Frankie Rose and the Outs’ self-titled debut album is at one point an artful, nearly abstract collection of sketches and at another point a nearly arch exploration of the modern synthesis of girl group sounds and gossamer strands of various ‘gaze’ and art rock entities. The band leader of the all girl group, Frankie Rose, has been in various Brooklyn bands such as Vivian Girls, Crystal Stilts and the Dum Dum Girls and, while the album is closer to those faux-beach blanket bingo bands, there is enough of the aforementioned abstractions that Frankie Rose and the Outs operate less in songs and more in emotions and tones captured.
It feels easy to throw together touch points like Phil Spector, shoe-gaze, shit-gaze, beach bands, and the faux-surf sound that was popular last year, but there is a modulation and tonality added to the songs as pads dampen the sounds of aggressive-if-not-wholly-formed guitar lines snaking in and out of the foreground of the tracks as chimes, organs and keys accent back beats to create a near dizzying slumbering piece of near-occult Americana.
The words aren’t important as most songs have only snatches of lines stolen and presented for mood as they’re artfully blended beneath the expansive wide-screen production.
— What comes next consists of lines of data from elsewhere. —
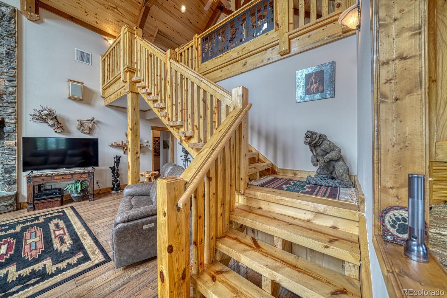 Welcome to your dream mountain escape — a stunning 3,595 square foot custom home that perfectly blends high-end craftsmanship with the tranquility of nature. Set against a backdrop of towering trees and dramatic vistas, this immaculate residence offers refined living in an unparalleled alpine setting. Thoughtfully and custom designed with attention to every detail, this home features vaulted ceilings, exposed beams, and walls of windows that flood the space with natural light and showcase both mountain and valley views. The spacious open-concept living area centers around a stone gas fireplace, ideal for cozy evenings after a day outdoors. Walk out onto the updated composite deck to enjoy the firepit and the amazing views. The kitchen features granite countertops, new appliances, custom cabinetry, a center island, and a seamless flow to the dining area and outdoor living spaces perfect for both daily meals and entertaining al fresco. Off the kitchen there is a large laundry room with plenty of storage that adjoins a full bath. Walk down to the hallway to the attached immaculate garage that has a 2nd bay for all your toys and mountain gear. The primary suite is a true retreat, offering a spa-inspired bathroom, with separate slate countered vanities, 2 walk-in closets, a jetted tub and glassed-in tiled shower. There is also access to the outside deck…where a hot tub could go? On the main level there are 2 guest bedrooms and a 3/4 guest bathroom and flexible space off the front entry for an office. The loft has more flexible space for another bedroom, or office space. Downstairs, there is another separate living space, with an outside entrance to a covered patio. Your guests can enjoy a Living/dining area with a full kitchen, and a bedroom with a full bath. Whether as a full-time residence or a seasonal getaway, this custom mountain home offers privacy, luxury, and a connection to nature that’s simply unmatched.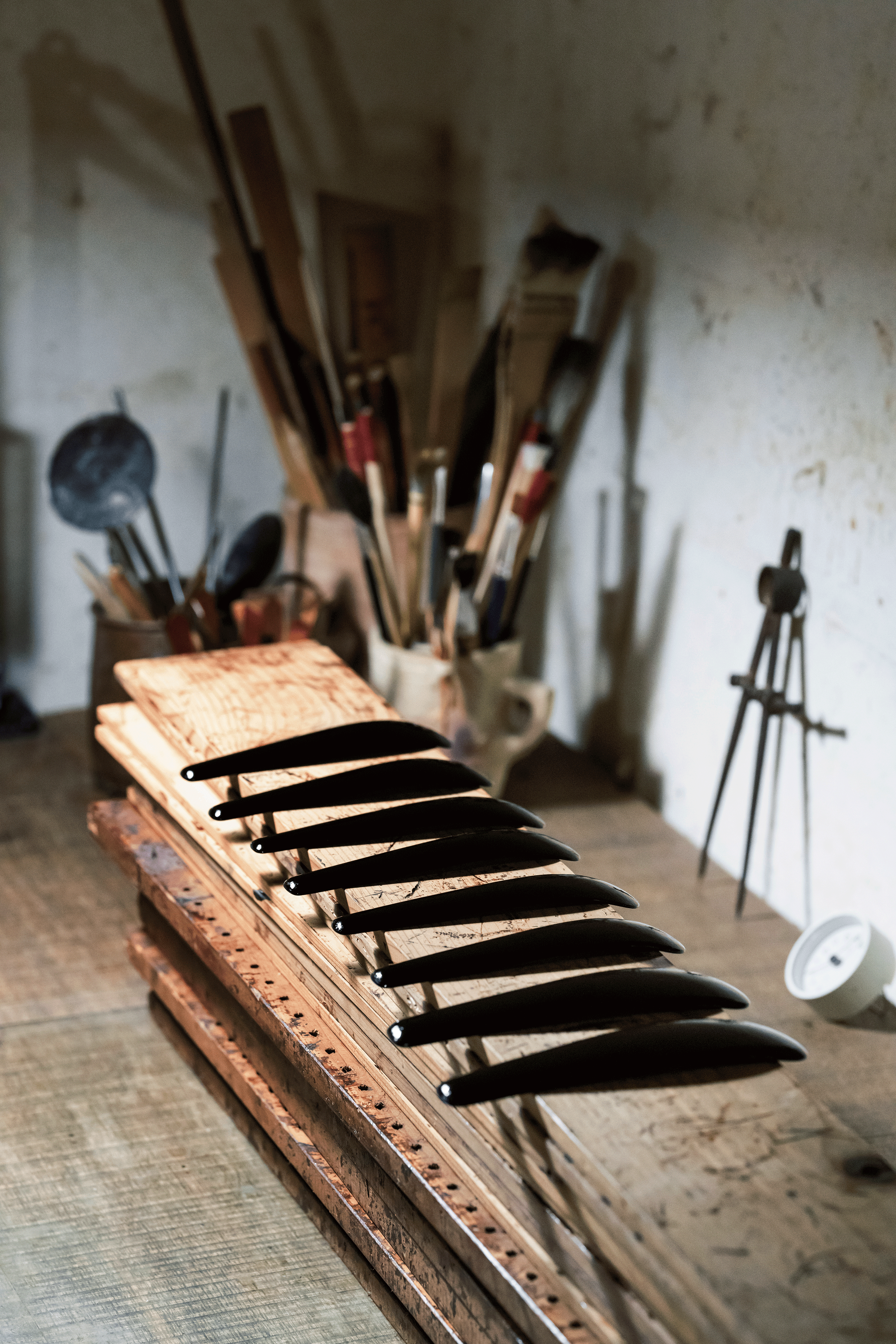 Spoon-shaped spatulas set aside while the lacquer dries. As it absorbs oxygen from the air, lacquer hardens slowly. Allowing time—patiently—for this process to unfold is fundamental to lacquerware making, ensuring pieces that are both structurally sound and impeccably smooth in finish.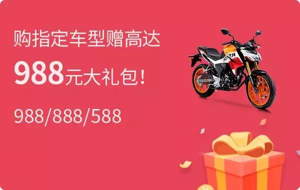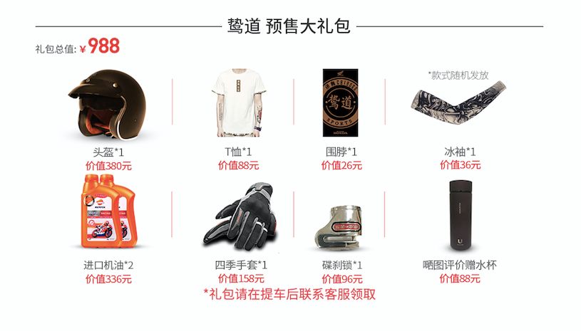 購買指定車型,贈送588元,888元,988元大禮包!所有禮包都包含頭盔,機(jī)油,騎行手套以及碟剎鎖,滿足出行的需求哦~曬圖評價還加贈雨傘/保溫杯!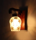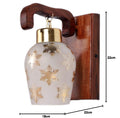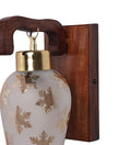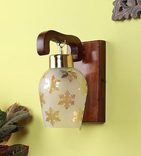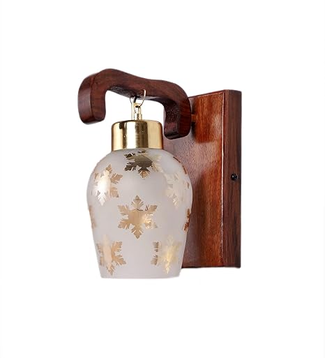 Luxiono Lighting Sheesham Wood Wall Light/E 27 Bulb Base/U-Downlight Design/Gold Plated Metal Cap/Gold Leaf Printed Glass/Antique/Home/Office Decor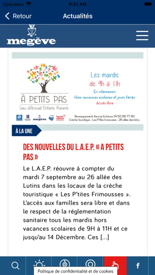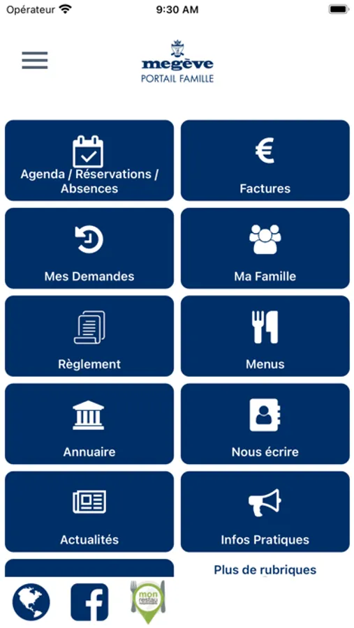 Application de la commune de Megève qui permet la gestion des activités périscolaires et extrascolaires de vos enfants en accédant aux fonctions du portail familles sur son smartphone ; vous pourrez consulter le planning, effectuer des demandes de réservation et des demandes d' absence et les suivre, accéder au dossier de votre famille, consulter vos factures, accéder aux menus du restaurant scolaire et recevoir des notifications.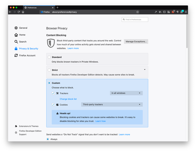 En las cookies, la opción personalizada también permite a los usuarios elegir bloquear los rastreadores de terceros; cookies de sitios web no visitados; todas las cookies de terceros (que Mozilla advierte "puede" hacer que los sitios web se rompan); y todas las cookies (lo que dice hará que los sitios web se rompan).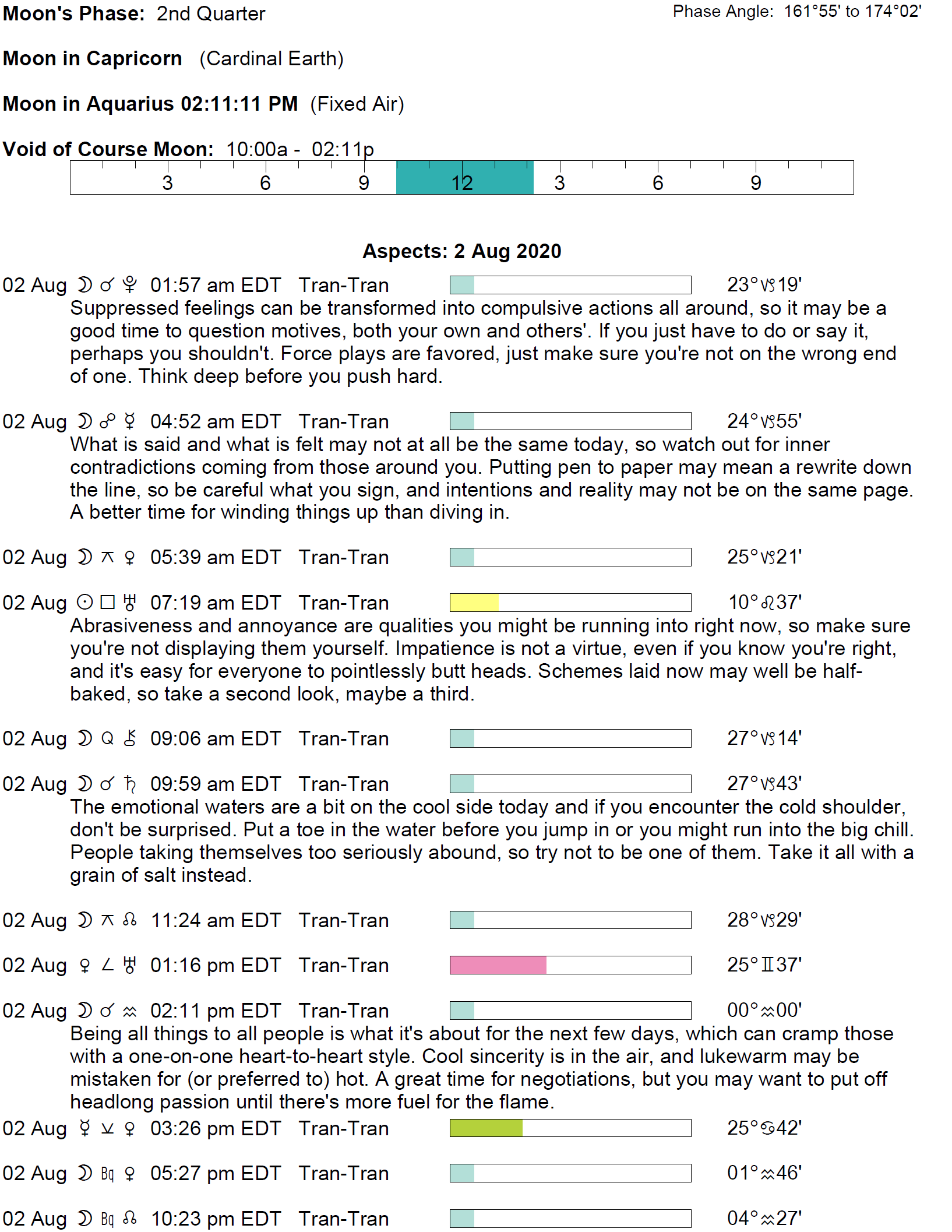 Planet Color Key: The longer the bar, the slower the aspecting planet and the longer the duration of the planet’s transit.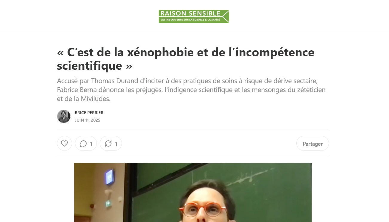 Dans un article publié le 11 juin 2025 sur Raison sensible, Fabrice Berna, relayé par Brice Perrier, m’accuse successivement de « xénophobie », « incompétence scientifique » et même de « complotisme », en réaction à une critique argumentée que j’ai publiée à propos d’une conférence universitaire à Strasbourg, où des pratiques de soins non conventionnelles (PSNC) ont été défendues en dépit de la rigueur méthodologique et de nombreuses alertes épistémologiques.

However, there is the question of how much of this record can be presented live, where the artful techniques are more difficult to replicate.
Tucked between these explorations are some damn fine songs though. “Memo”, which begins with the barest of guitars before rhythm and chants of “bum ba da bum”; all of it fading back to the guitar before coming back for a strong noisy climax that carries a strong ‘rum-a-tum’ militant edge. It’s the barest of songs; there’s barely enough there to even call it a sketch. It’s like a pair of curved lines bending to intersect before they casually move apart. However, there is some depth to this, the strongest “song” on the album.
These plain pop songs may be less interesting, but they are no less strong. They’re upbeat and catchy despite the lyrics often being indeterminate, so it’s like listening to foreign language pop songs filtered through the past three years of Brooklyn music.
This is actually as good a descriptor as any for this first album. Frankie Rose has managed to capture a moment in time, frozen in amber whose sharp edges have been rounded off by time, distance, and liberally-applied, soft-focused, hazy nostalgia. This is a strange beast, but a beautiful one.